François : C’est vrai que la musique du groupe évolue vers quelque chose de beaucoup plus festif. Auparavant, que ce soit sur album ou en concerts, il y avait des aspects beaucoup plus sombres.
Boris : Nous essayons d’être assez communicatifs et plus évidents dans le rendu de notre musique, et en même temps de déstabiliser l’écoute. Essayer de mêler ces deux choses-là ce n’est pas facile, mais c’est ce qui nous anime. Le côté fédérateur de nos morceaux, je le remarque bien quand je vois que ceux-ci sont appréciés par des gens qui n’aiment pas trop les trucs déstructurés alors même que, sous certains aspects, c’est aussi vers cela que nous nous dirigeons. Nous combinons ces deux approches : des constructions peu évidentes et la dimension chorale des refrains, et cela crée un mélange qui peut plaire à des publics assez différents.
Camille : On est également assez friands de tempos rapides, permettant aux gens de se lâcher et peut être même de danser. On fait en sorte que nos concerts aillent crescendo, et s’il y a régulièrement des croche-pattes qui heurtent, ceux-ci sont aussi des moyens de dynamiser le set. Ça ne marche pas à tous les coups, même si on fait tout pour, et quand c’est le cas c’est génial.

Il y a des choses que vous écoutiez au moment de la composition et de l’enregistrement qui expliquent plus particulièrement ce côté pop ?

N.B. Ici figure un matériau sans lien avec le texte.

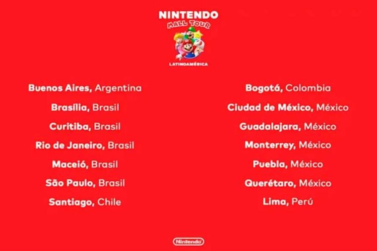 En Perú, el Nintendo Mall Tour Latinoamérica estará presente en Lima, del 22 al 30 de noviembre, en el Jockey Plaza, ofreciendo a los fanáticos la oportunidad de probar demos de juegos para Nintendo Switch y Nintendo Switch 2, incluyendo títulos como Super Mario Galaxy, Mario Kart World y Donkey Kong Bananza.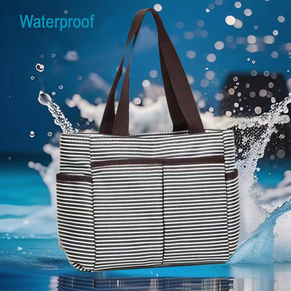 Large Waterproof Tote Bag - Black Stripe

Boris : Les Beatles que nous aimons tous, mais également Aldous Harding qui a été une véritable découverte.
François : Il y a pas mal d’artistes dont on aime à la fois l’immédiateté de la mélodie et le sens des constructions plus complexes. Deerhoof me plaît pour ça : leur musique est sinueuse mais également toujours chantante. Nous sommes guidés par une démarche similaire : essayer de simplifier ce qui est trop complexe et de complexifier ce qui est trop simple.

Vous venez tous du conservatoire ou de l’école de jazz de Tours. Comment en êtes-vous venus au rock ?

Camille : L’école de jazz, c’est un pôle de musiques actuelles qui désignent en fait toutes les musiques qui ne sont pas classiques.
François : On a toujours écouté ou fait du rock, donc ce n’était pas particulièrement aventureux pour nous de monter un groupe de ce genre.
Boris : Le jazz m’a ouvert les oreilles. L’écouter et l’étudier m’a fait aller du côté de groupes de rock des années 70 et 80 plus marginaux, plus transversaux, ayant complexifié leur démarche.
François : Parce qu’ils étaient influencés par plein de trucs autres que le rock. Glenn Branca, par exemple, était influencé par la musique contemporaine. C’était un guitariste qui a joué avec Thurston Moore, Jim O’Rourke, entre autres.
François : La scène No Wave new-yorkaise, c’est vraiment une grosse influence pour nous. Elle était au courant de ce qui ce faisait en dehors du rock. Comme Mica Levi, la fondatrice de Micachu and the Shapes, qui a étudié au conservatoire et joué beaucoup de musique classique et contemporaine. Il y a plein d’artistes que l’on écoute qui possèdent des influences très variées. Cela fait que les formulations claires, directes et immédiates de rock, je crois qu’on ne sait pas trop en faire.
Boris : On fait partie d’une famille de musique qui a fait le conservatoire, a étudié pleins de trucs, a complexifié son propos, mais en revenant à une base qu’elle avait. On a commencé en écoutant du rock ou du métal, et puis après il y a eu ce passage où l’on a étudié la musique et où l’on s’est ouvert à plein de choses, pour finalement retourner à ce qui nous avait donné envie de faire de la musique, mais en mixant cette source originelle avec d’autres apports. A Gap, récemment, on nous a dit que ce que nous faisions ressemblait à du blues et de la country, mais déconstruits, et j’étais super content d’entendre ça parce qu’au fond on vient un peu de là.
Camille : L’ouverture à des influences variées, je crois que c’est aussi quelque chose de générationnel. Nous n’avons pas connu le rock à la souche, et nous avons grandi en piochant à droite et à gauche, grâce à internet, des influences très différentes les unes des autres.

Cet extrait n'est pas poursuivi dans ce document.